## Required action
Word-for-word reproduction, images excluded: copy every entry below.

## Records supplied
<<<<

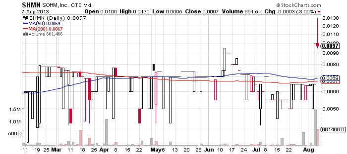 SOHM, Inc. (SHMN) – SHMN is another heavily promoted company ready to assualt today’s trading session. The campaign was initiated as soon as the last closing bell was rung, by numerous penny stock promoters, among which Psycho Penny Stocks, Breaking Bulls, First Penny Picks and many others.
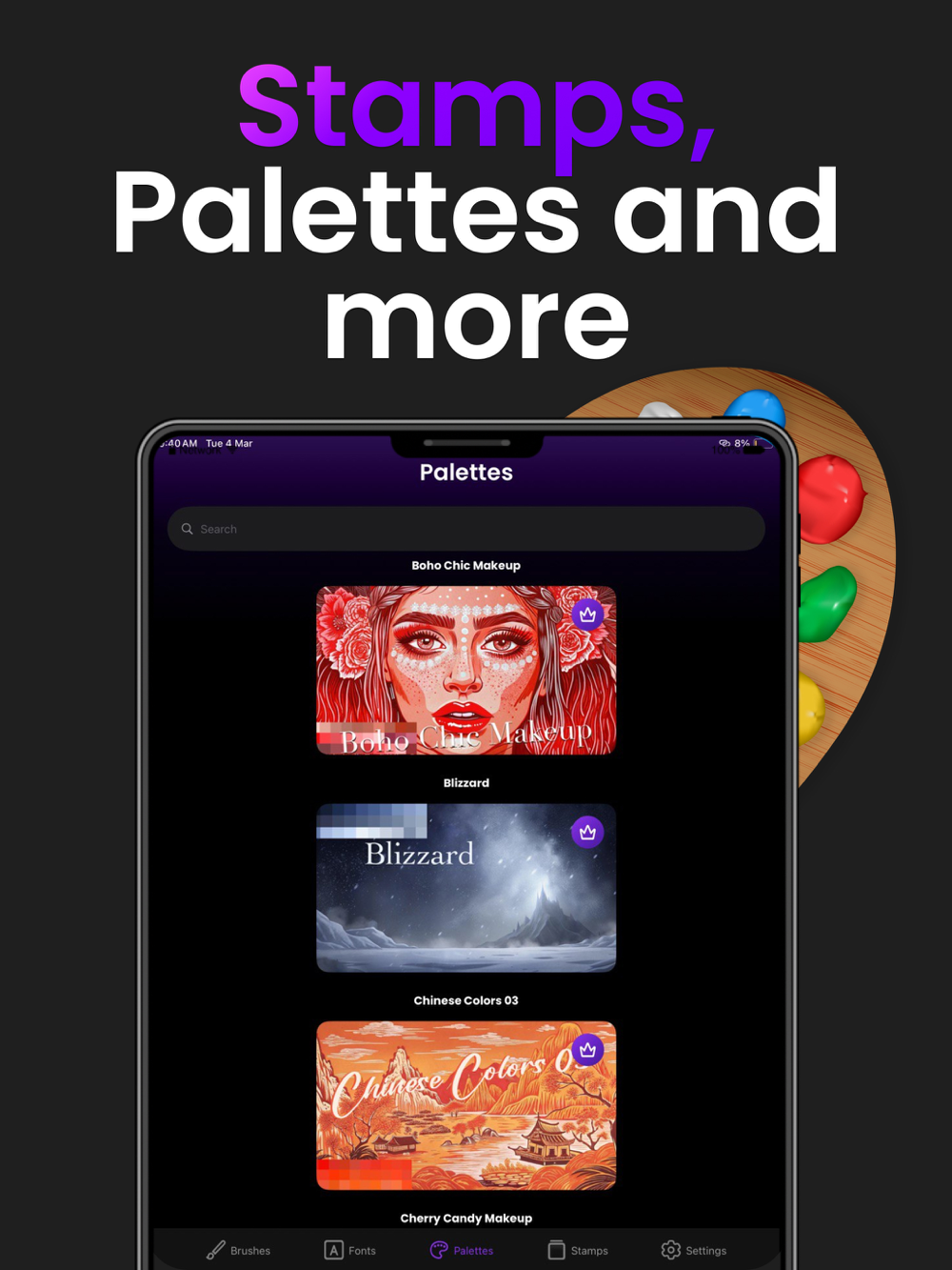 • Color Palettes – Choose from vibrant palettes or create your own for perfect color harmony.
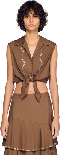 Sleeveless cropped shirt with a gathered hem and tie front, embellished with rhinestone waves.
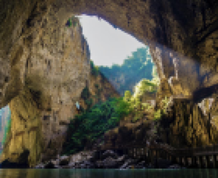 灯光映照下,钟乳石闪烁着晶莹的光芒,仿佛镶嵌了无数宝石。沿着蜿蜒的栈道前行,脚下是深邃的地下河,潺潺流水声在洞内回响,更添几分神秘。洞壁上,石笋从地面拔地而起,与钟乳石遥相呼应,宛如一座座天然的雕塑。
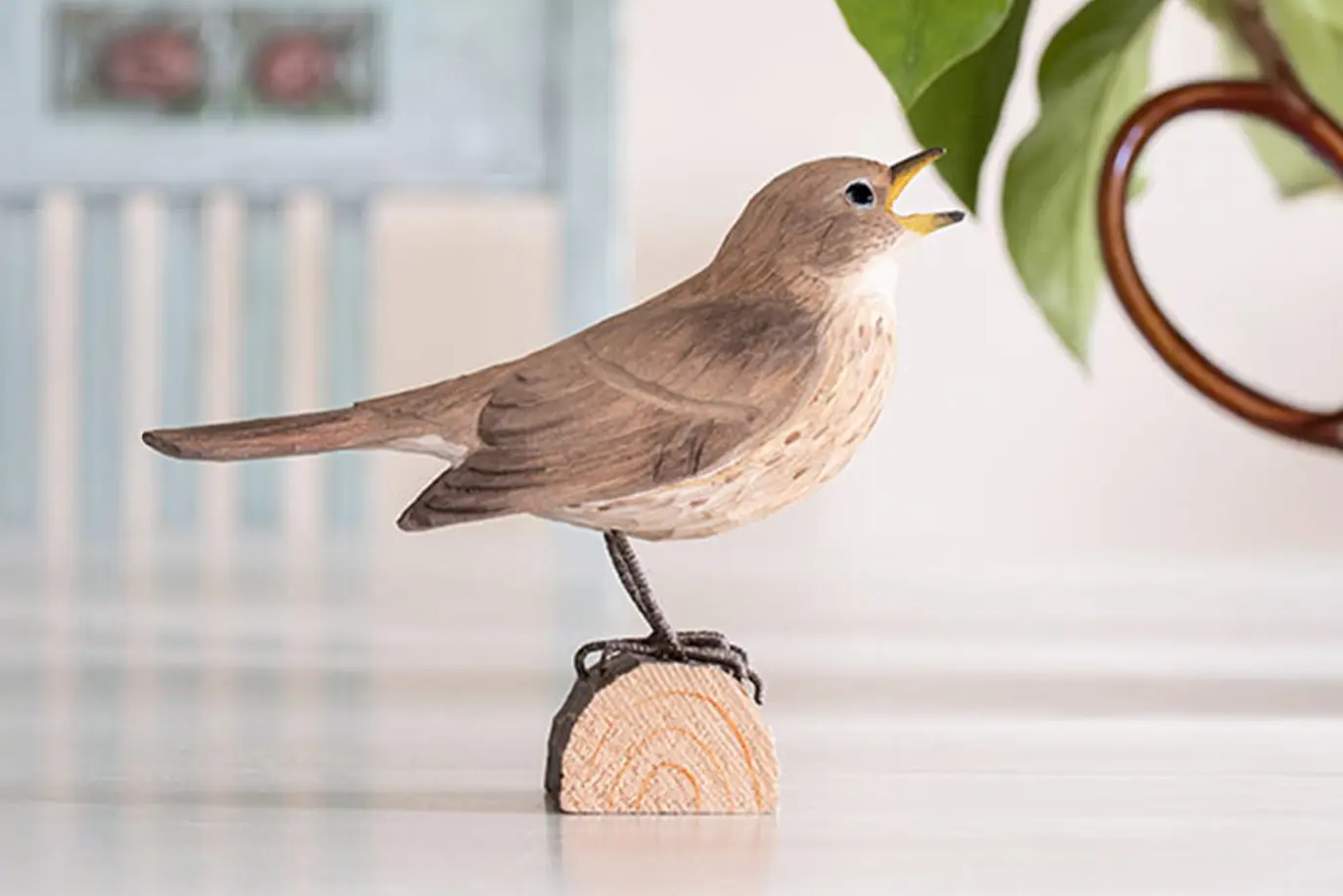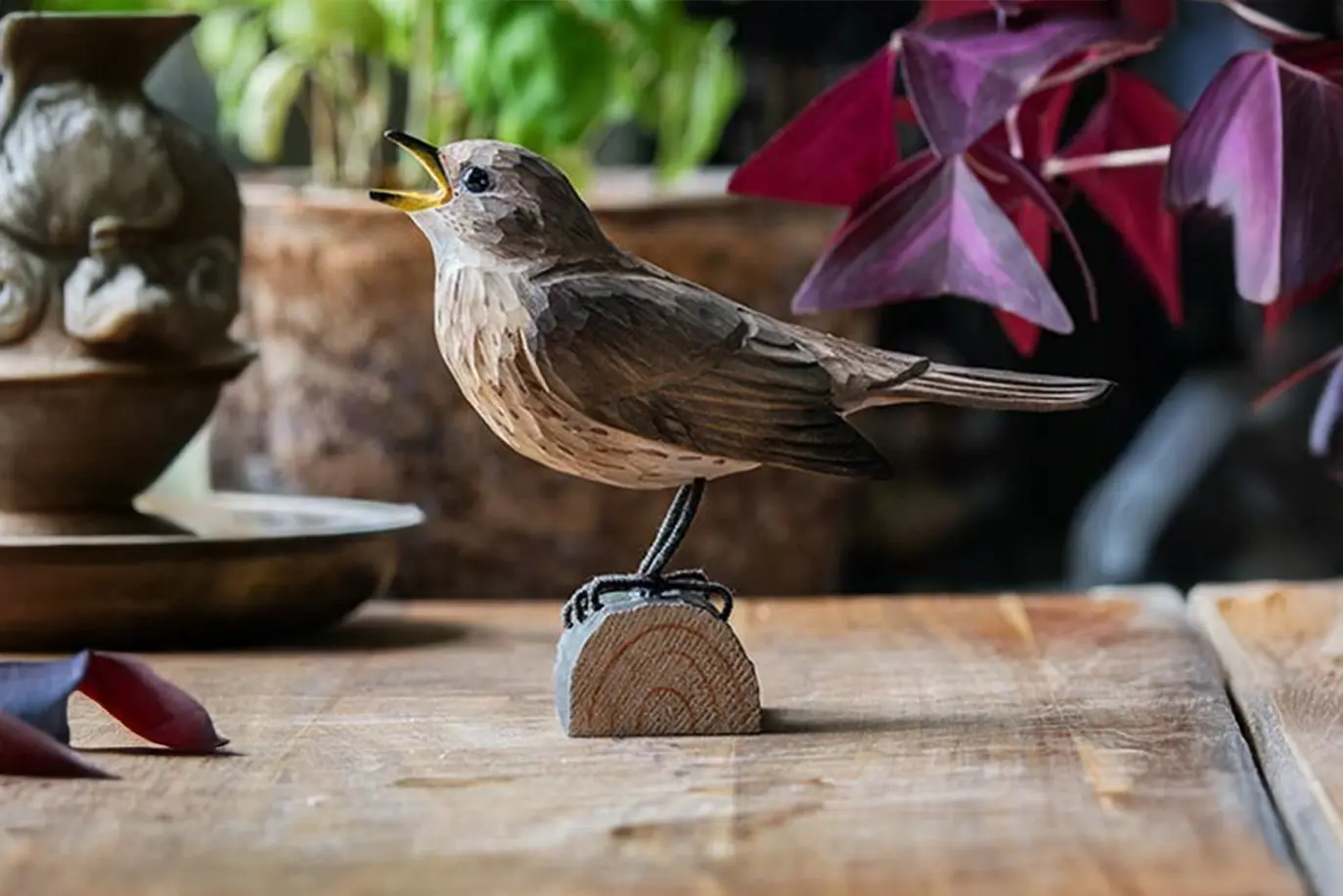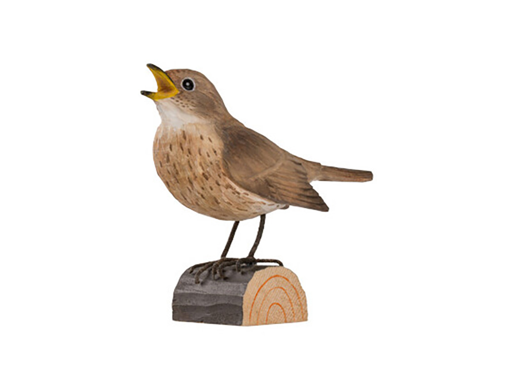 Ambachtelijk vormgegeven houten nachtegaal (Luscinia megarhynchos). De nachtegaal wordt op ware grootte weergegeven en is beschilderd met milieuvriendelijke verf.

>>>>

## Output for this exercise
 SOHM, Inc. (SHMN) – SHMN is another heavily promoted company ready to assualt today’s trading session. The campaign was initiated as soon as the last closing bell was rung, by numerous penny stock promoters, among which Psycho Penny Stocks, Breaking Bulls, First Penny Picks and many others.
 • Color Palettes – Choose from vibrant palettes or create your own for perfect color harmony.
 Sleeveless cropped shirt with a gathered hem and tie front, embellished with rhinestone waves.
 灯光映照下,钟乳石闪烁着晶莹的光芒,仿佛镶嵌了无数宝石。沿着蜿蜒的栈道前行,脚下是深邃的地下河,潺潺流水声在洞内回响,更添几分神秘。洞壁上,石笋从地面拔地而起,与钟乳石遥相呼应,宛如一座座天然的雕塑。
 Ambachtelijk vormgegeven houten nachtegaal (Luscinia megarhynchos). De nachtegaal wordt op ware grootte weergegeven en is beschilderd met milieuvriendelijke verf.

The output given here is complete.